For this exercise, output the entries below exactly from the line that holds "The chicks all" to the line that holds "Jadwal Liga Champions", both ends included. No pictures belong in the copy.
----- SOURCE INFORMATION -----
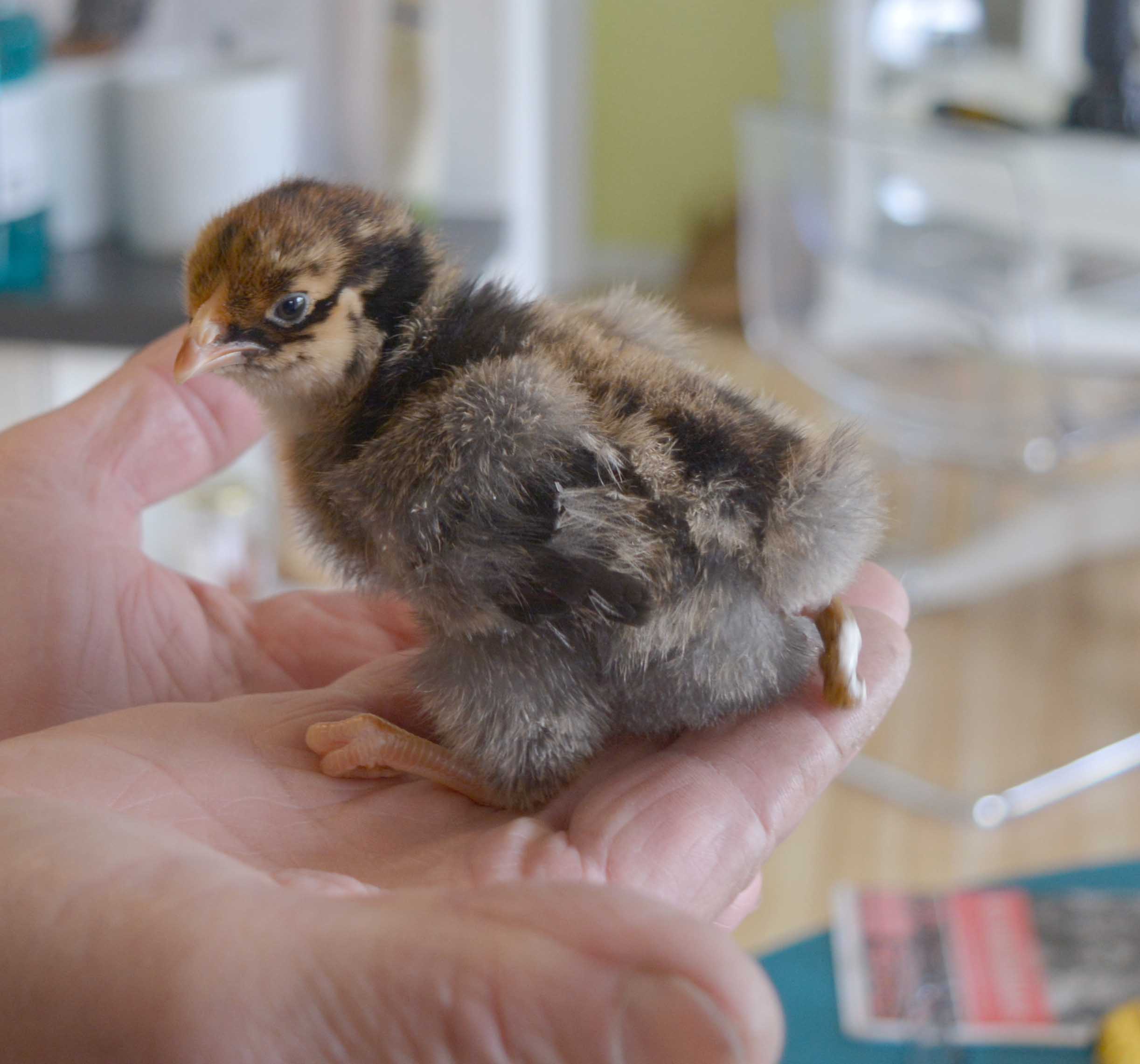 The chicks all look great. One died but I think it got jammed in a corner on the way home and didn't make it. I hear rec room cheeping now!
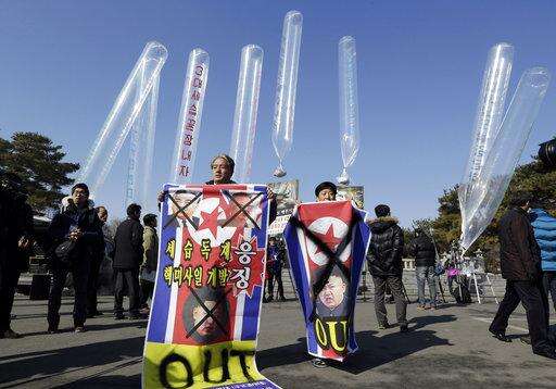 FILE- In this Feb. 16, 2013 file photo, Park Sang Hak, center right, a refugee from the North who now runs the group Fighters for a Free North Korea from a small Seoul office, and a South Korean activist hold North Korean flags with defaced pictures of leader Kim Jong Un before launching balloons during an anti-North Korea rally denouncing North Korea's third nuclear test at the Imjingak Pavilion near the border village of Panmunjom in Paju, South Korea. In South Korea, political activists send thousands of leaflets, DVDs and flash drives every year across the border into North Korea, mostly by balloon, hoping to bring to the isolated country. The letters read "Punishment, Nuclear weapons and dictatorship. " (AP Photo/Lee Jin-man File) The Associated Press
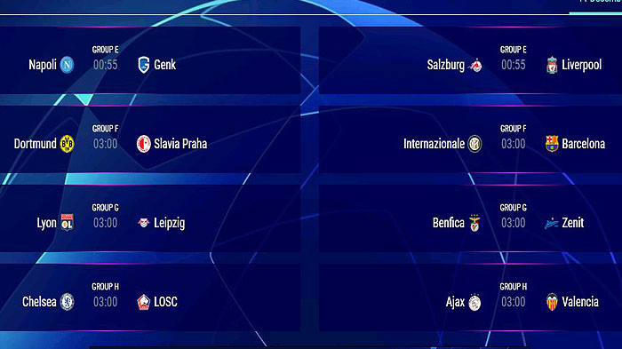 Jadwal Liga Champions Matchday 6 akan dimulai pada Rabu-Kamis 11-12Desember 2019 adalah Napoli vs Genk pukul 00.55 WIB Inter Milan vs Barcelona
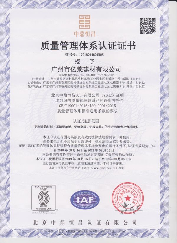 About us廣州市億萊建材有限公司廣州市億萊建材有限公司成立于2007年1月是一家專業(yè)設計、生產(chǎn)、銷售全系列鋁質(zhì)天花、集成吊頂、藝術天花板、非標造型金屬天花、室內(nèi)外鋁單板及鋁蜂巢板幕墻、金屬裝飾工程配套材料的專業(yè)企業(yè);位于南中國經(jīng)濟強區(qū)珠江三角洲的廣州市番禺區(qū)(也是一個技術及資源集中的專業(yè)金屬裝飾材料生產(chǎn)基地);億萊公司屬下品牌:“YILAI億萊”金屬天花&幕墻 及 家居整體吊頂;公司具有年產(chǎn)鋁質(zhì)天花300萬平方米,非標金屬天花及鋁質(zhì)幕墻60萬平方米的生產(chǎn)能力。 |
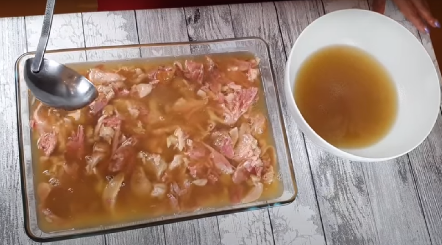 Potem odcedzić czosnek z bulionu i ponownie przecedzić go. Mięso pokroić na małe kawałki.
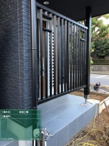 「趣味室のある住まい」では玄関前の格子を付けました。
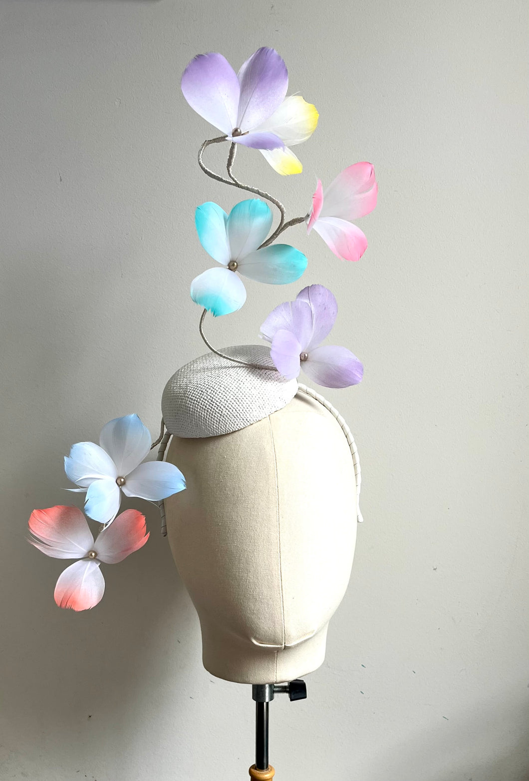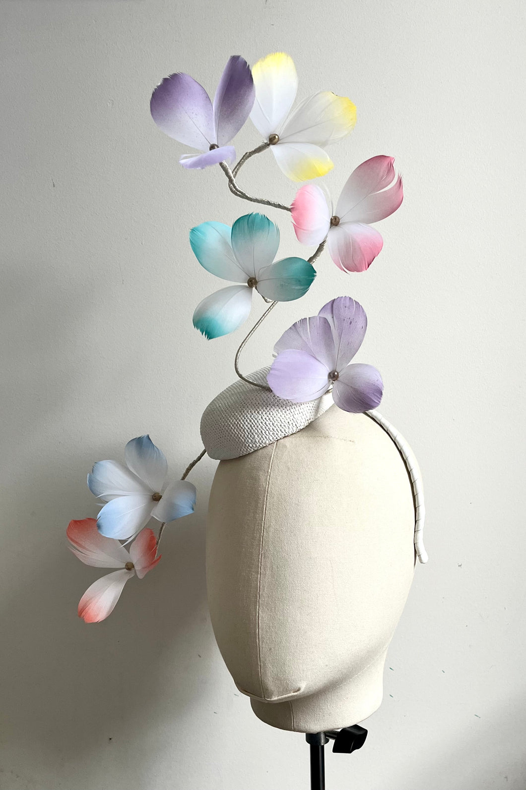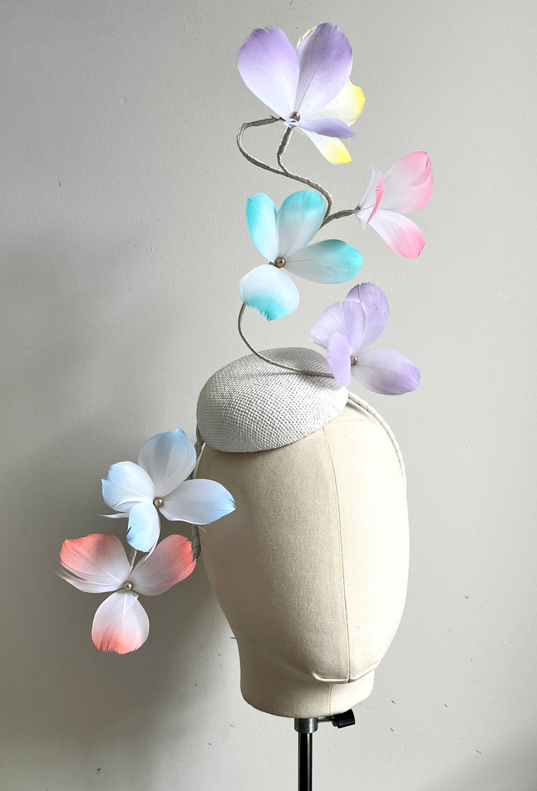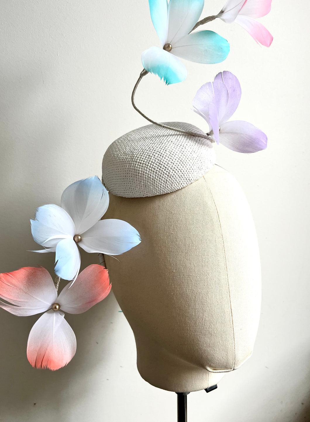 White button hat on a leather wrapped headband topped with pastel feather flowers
-----
----- SOURCE INFORMATION -----
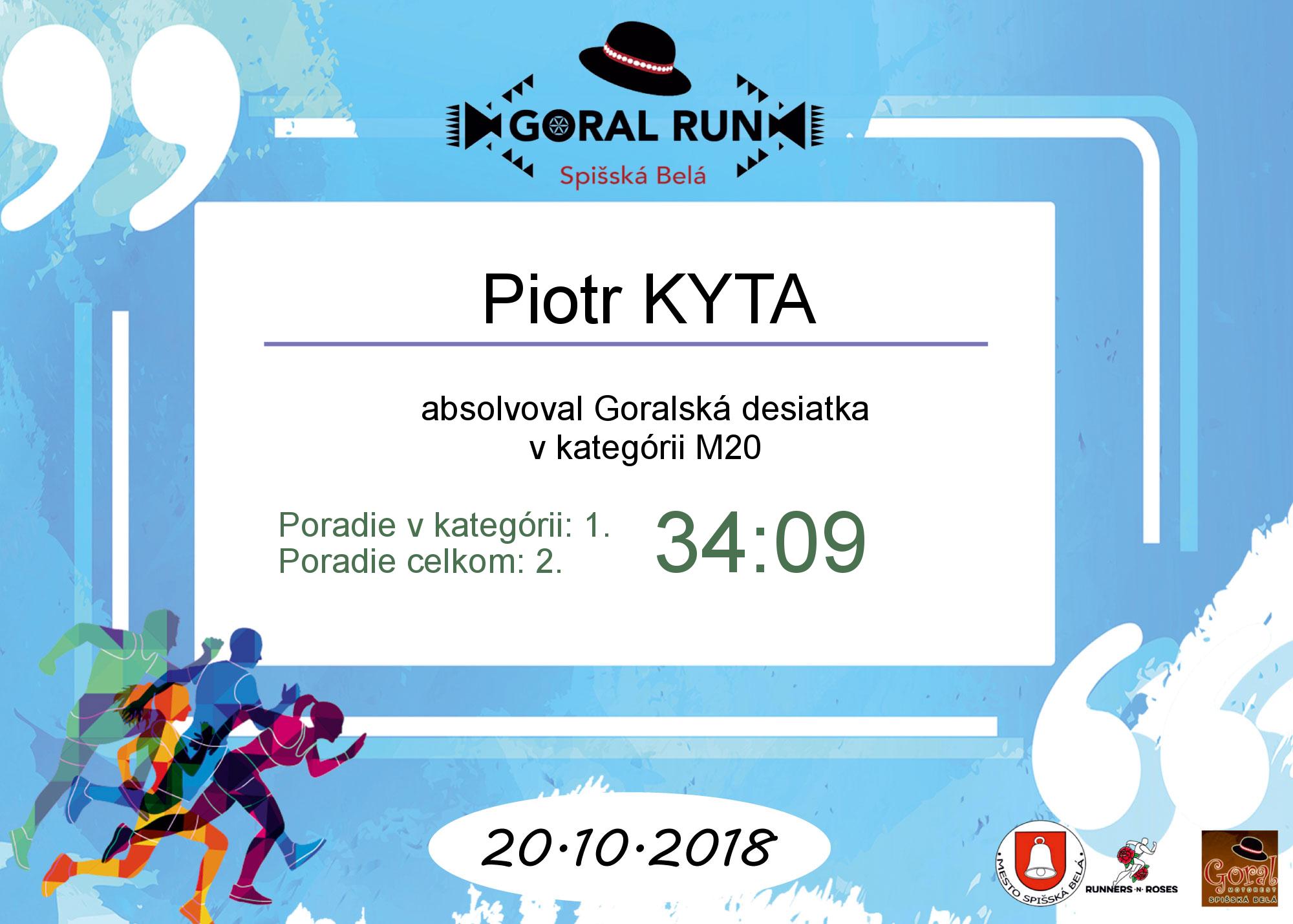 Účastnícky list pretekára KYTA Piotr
-----
**SOLUTION**.
 The chicks all look great. One died but I think it got jammed in a corner on the way home and didn't make it. I hear rec room cheeping now!
 FILE- In this Feb. 16, 2013 file photo, Park Sang Hak, center right, a refugee from the North who now runs the group Fighters for a Free North Korea from a small Seoul office, and a South Korean activist hold North Korean flags with defaced pictures of leader Kim Jong Un before launching balloons during an anti-North Korea rally denouncing North Korea's third nuclear test at the Imjingak Pavilion near the border village of Panmunjom in Paju, South Korea. In South Korea, political activists send thousands of leaflets, DVDs and flash drives every year across the border into North Korea, mostly by balloon, hoping to bring to the isolated country. The letters read "Punishment, Nuclear weapons and dictatorship. " (AP Photo/Lee Jin-man File) The Associated Press
 Jadwal Liga Champions Matchday 6 akan dimulai pada Rabu-Kamis 11-12Desember 2019 adalah Napoli vs Genk pukul 00.55 WIB Inter Milan vs Barcelona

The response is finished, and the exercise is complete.